"Around one o'clock the shelling of our village began from the Slovak side and it fell first around the village. But they had good sights, so then it was really coming in. And one of the shells hit our neighbour's and our building."
"Our head monk stood in the doorway, 'Boys, get up now,' and went into the next room. We got up immediately, and when we looked in the door again, there was a soldier standing there with a machine gun pointing it at us. One of us couldn't wake up. SNB officer flew in with a machine gun and simply pulled him out of bed. We were ordered to take a toothbrush, get dressed and go out into the corridor."
"They loaded the blankets into the car, put the wounded in the blankets and drove through the front to Velká nad Veličkou. Of course, they were stopped by German soldiers, but a neighbour spoke German and explained to them what and how and he let them go. So they got happily four kilometres across the front to Velka, but they couldn't find a doctor because they were all hidden away. Then someone told them where he was. He didn't have the courage to come out, so they took the wounded to the cellar where he treated them. And again they had to take them back through the front."

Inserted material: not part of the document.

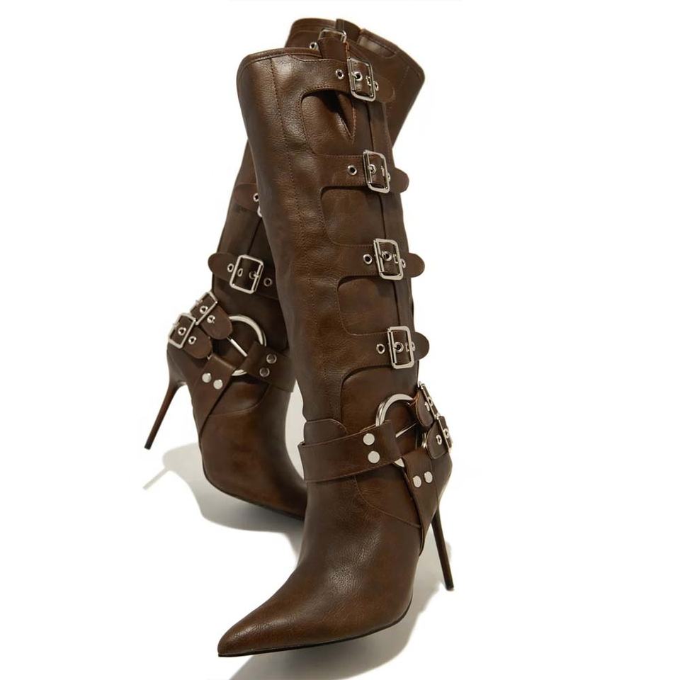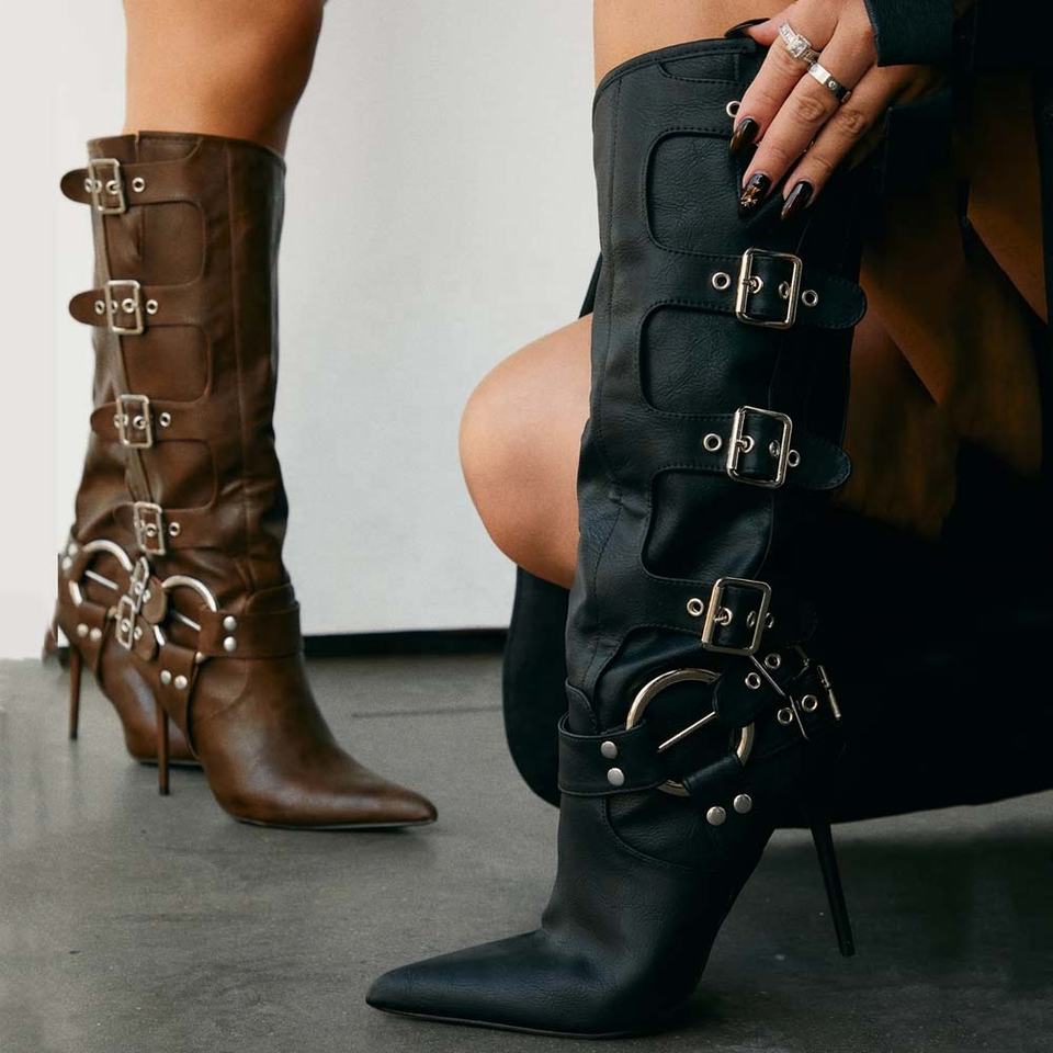 Bottines mi-mollet marron pour femme à talons hauts fins, avec boucles métalliques personnalisées, style western et bout pointu

We were told to take our toothbrushes, get dressed and go out into the hallway
František Kostelanský was born on 25 April 1931 on a farm in Kuželov. His childhood was marked by the war, during which he lost his father and grandmother, his mother was severely wounded during the shelling of the village. After the war, he decided to study at the church gymnasium in Kroměříž, and after the closing of the gymnasium in 1948, he continued his studies secretly, in the monastery in Hájek near Prague. On 14 April 1950 he and all his classmates became victims of the K action and were taken to an internment camp. In the following two years, they tried to re-educate him in Bohosudov, in Hájek and during the construction of the Klíčava dam near Zbečno. Even at the time just before his release home, he was still considered stubborn and unruly. In 1952 he joined the military service of the Auxiliary Technical Battalions (PTP) and during his service in Slovakia he was the victim of an accident in which he severely injured both his legs. Despite the initial ban on further studies, he managed to graduate from the University of Agriculture in Brno and worked there for many years as a teacher.